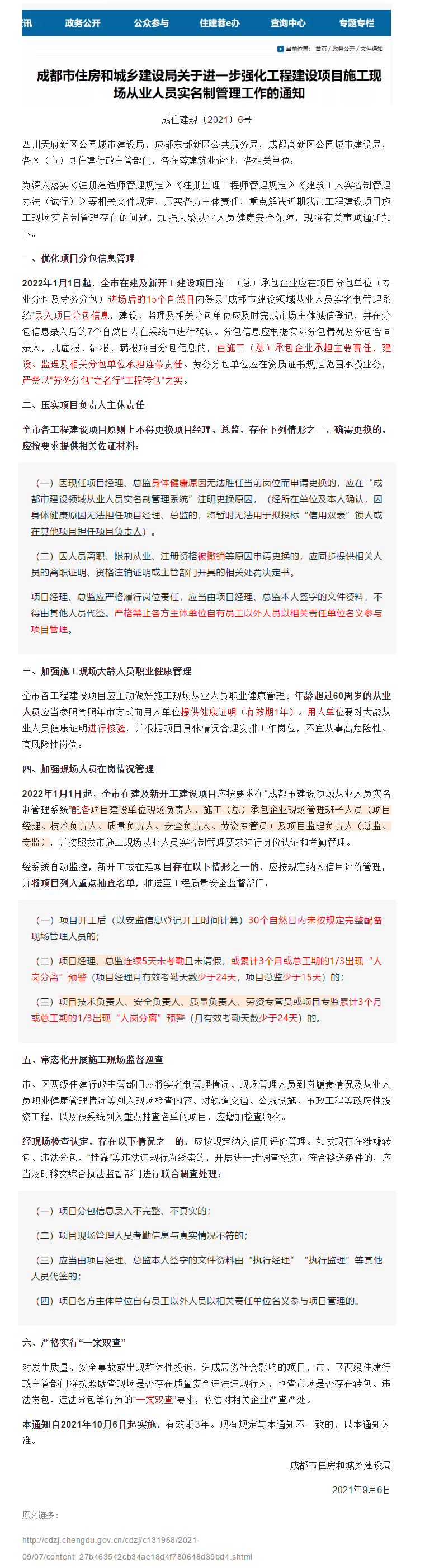 10月6日起,施工現(xiàn)場60周歲以上人員需提供健康證明(有效期1年)方可上崗!該地明確
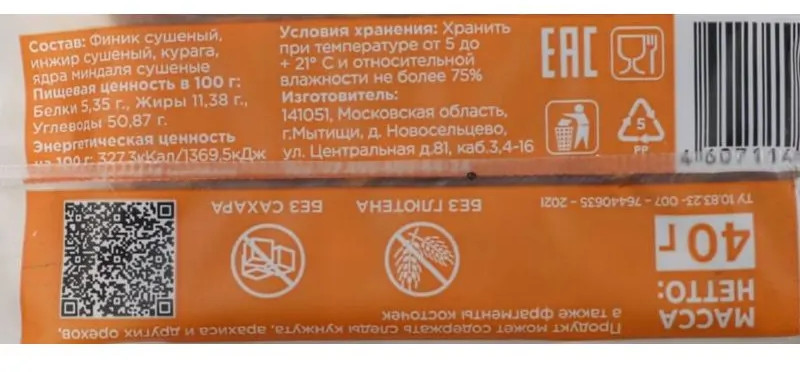 Фруктово-ореховый батончик с суперпростым, 100% натуральным составом. Батончик без добавления сахара, естественную сладость ему дарят финики, которые не зря называют «ягодами жизни». Финики богаты витаминами и микроэлементами, в том числе таким антиоксидант, как селен. Они быстро утоляют голод, восполняют запасы энергии, укрепляют иммунитет и повышают работоспособность. Второй ингредиент батончиков — орехи — тоже являются природными источниками ценных веществ: витаминов, минералов и омега-3 жирных кислот. Батончик хорошо сочетается с чаем и кофе. Его удобно брать с собой и есть даже на ходу.
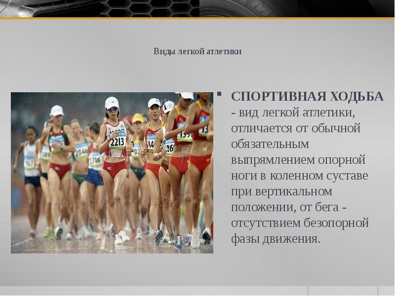 - 5. Виды легкой атлетики СПОРТИВНАЯ ХОДЬБА - вид легкой атлетики, отличается от
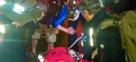 A group of climbers helped rescuers carry an injured fellow rockclimber suffering from back pain after a fall.
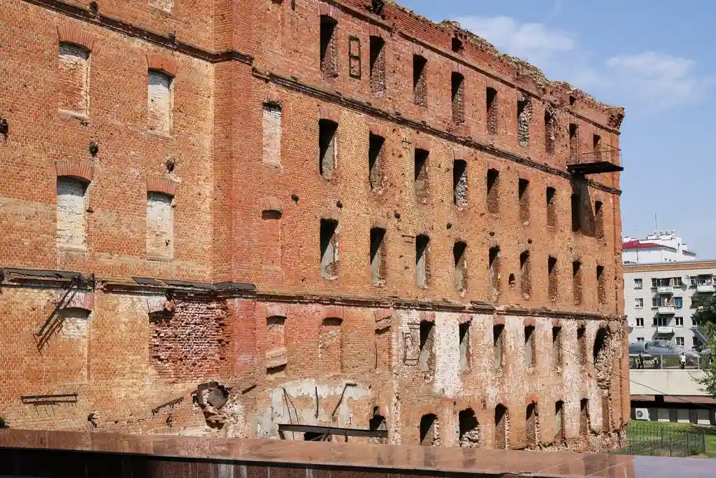 Мельница Гергардта (Грудинина) —типовое дореволюционное пятиэтажное здание мельницы, ставшее символом жестокости уличных боев в Сталинградской битве. Крыша здания уничтожена прямым попаданием авиабомб, видны следы многочисленных фронтальных попаданий артиллерийских снарядов. Буквально каждый квадратный метр наружных стен здания иссечен пулями и осколками. Сильно повреждена также и стоящая рядом труба.
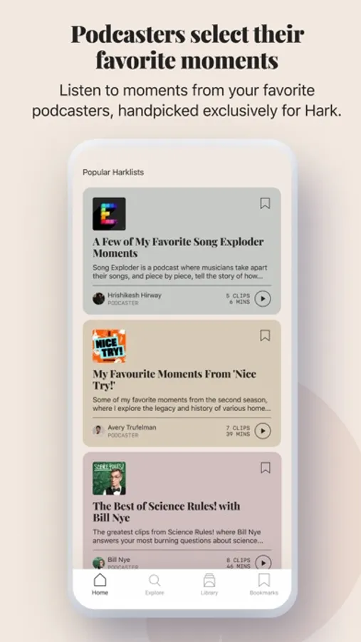 Experience “Curated by Podcasters” Harklists, created by the hosts of favorite podcasts like Song Exploder, Nice Try and Rough Translation.
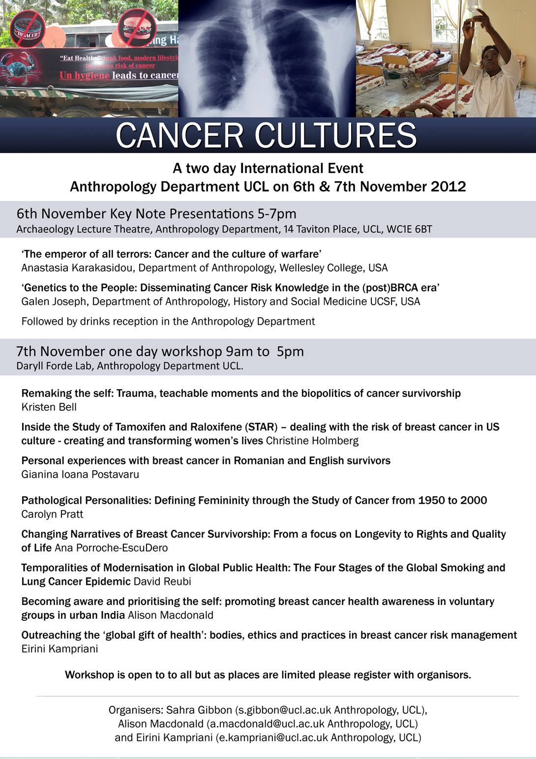 This event will bring together academics and postgraduate research students from within anthropology and other social sciences to examine the scope of different disciplinary approaches as these relate to understanding the diverse experience of and cultural or social engagement with the illness and disease of cancer. It will examine the varied dimensions of ‘cancer cultures’ from a comparative and historical viewpoint as they are constituted at the level of individual experience, family, community and within or across different national contexts. Papers will examine two main themes; ‘The Hidden Politics of Cancer Survivorship and Research’ and ‘Cancer in Globalizing Contexts’ and will include the following
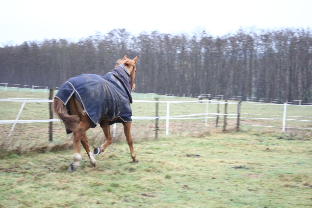 | Dire merci | Il a même super bien galopé oui en équilibre et tout achtung !!!! Mais j'ai galope tout l'hiver dernier la dedans mais là avec le jarret j'ose plus du tout du coup oui si dans ma tête j me retiens il ne fera pas c'est sur !! |
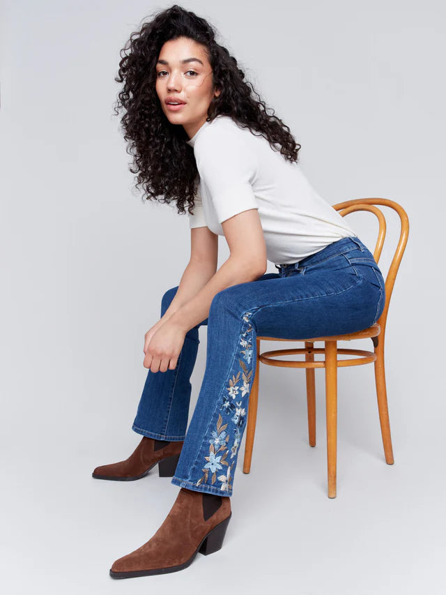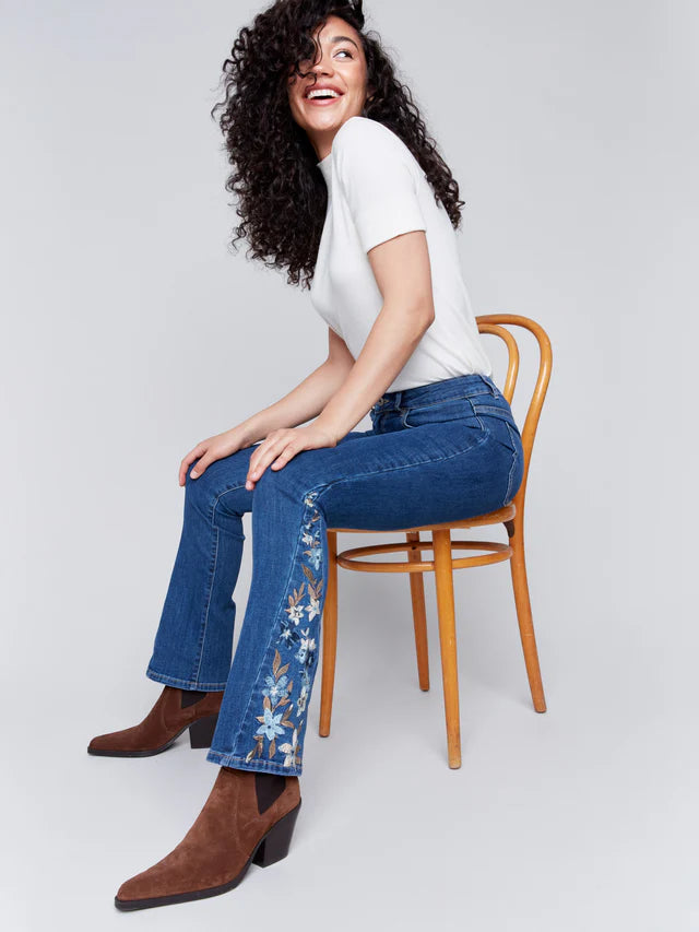 EMBROIDERED INSERT BOOTCUT JEAN-INDIGO-CHARLIE B
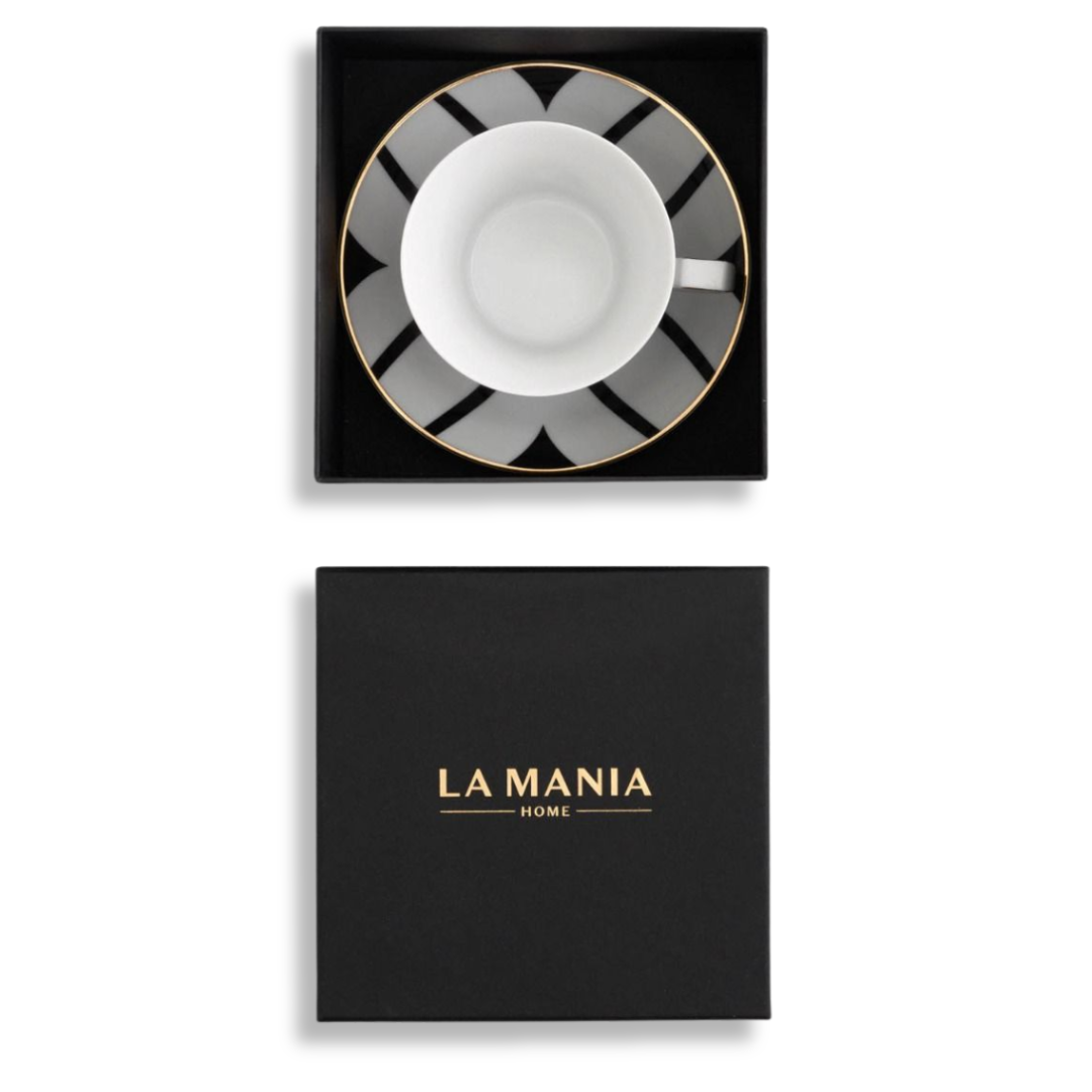 Projekt powstał w pracowni designerów La Mania, gdzie forma spotyka się z dyscypliną i harmonią proporcji. Każdy element został wykonany z wysokogatunkowej białej porcelany, a następnie ręcznie wykończony złotem przez doświadczonych, polskich rzemieślników. Perfekcyjnie dopracowane krawędzie, idealna symetria i szlachetne wykończenie podkreślają luksusowy charakter kolekcji.
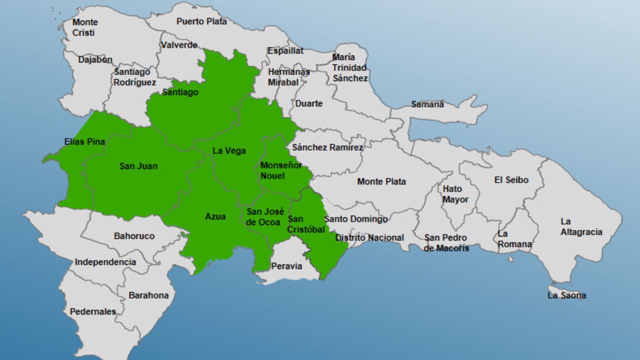 Las provincias en alerta son: Santiago, Monseñor Nouel, Elías Piña, San José de Ocoa, San Juan, La Vega, San Cristóbal y Azua.

· · · · · · ·

• **Work instruction**
An exact copy of every entry above is needed, with the pictures left out.

• **Solution to the exercise**
 10月6日起,施工現(xiàn)場60周歲以上人員需提供健康證明(有效期1年)方可上崗!該地明確
 Фруктово-ореховый батончик с суперпростым, 100% натуральным составом. Батончик без добавления сахара, естественную сладость ему дарят финики, которые не зря называют «ягодами жизни». Финики богаты витаминами и микроэлементами, в том числе таким антиоксидант, как селен. Они быстро утоляют голод, восполняют запасы энергии, укрепляют иммунитет и повышают работоспособность. Второй ингредиент батончиков — орехи — тоже являются природными источниками ценных веществ: витаминов, минералов и омега-3 жирных кислот. Батончик хорошо сочетается с чаем и кофе. Его удобно брать с собой и есть даже на ходу.
 - 5. Виды легкой атлетики СПОРТИВНАЯ ХОДЬБА - вид легкой атлетики, отличается от
 A group of climbers helped rescuers carry an injured fellow rockclimber suffering from back pain after a fall.
 Мельница Гергардта (Грудинина) —типовое дореволюционное пятиэтажное здание мельницы, ставшее символом жестокости уличных боев в Сталинградской битве. Крыша здания уничтожена прямым попаданием авиабомб, видны следы многочисленных фронтальных попаданий артиллерийских снарядов. Буквально каждый квадратный метр наружных стен здания иссечен пулями и осколками. Сильно повреждена также и стоящая рядом труба.
 Experience “Curated by Podcasters” Harklists, created by the hosts of favorite podcasts like Song Exploder, Nice Try and Rough Translation.
 This event will bring together academics and postgraduate research students from within anthropology and other social sciences to examine the scope of different disciplinary approaches as these relate to understanding the diverse experience of and cultural or social engagement with the illness and disease of cancer. It will examine the varied dimensions of ‘cancer cultures’ from a comparative and historical viewpoint as they are constituted at the level of individual experience, family, community and within or across different national contexts. Papers will examine two main themes; ‘The Hidden Politics of Cancer Survivorship and Research’ and ‘Cancer in Globalizing Contexts’ and will include the following
 | Dire merci | Il a même super bien galopé oui en équilibre et tout achtung !!!! Mais j'ai galope tout l'hiver dernier la dedans mais là avec le jarret j'ose plus du tout du coup oui si dans ma tête j me retiens il ne fera pas c'est sur !! |
 EMBROIDERED INSERT BOOTCUT JEAN-INDIGO-CHARLIE B
 Projekt powstał w pracowni designerów La Mania, gdzie forma spotyka się z dyscypliną i harmonią proporcji. Każdy element został wykonany z wysokogatunkowej białej porcelany, a następnie ręcznie wykończony złotem przez doświadczonych, polskich rzemieślników. Perfekcyjnie dopracowane krawędzie, idealna symetria i szlachetne wykończenie podkreślają luksusowy charakter kolekcji.
 Las provincias en alerta son: Santiago, Monseñor Nouel, Elías Piña, San José de Ocoa, San Juan, La Vega, San Cristóbal y Azua.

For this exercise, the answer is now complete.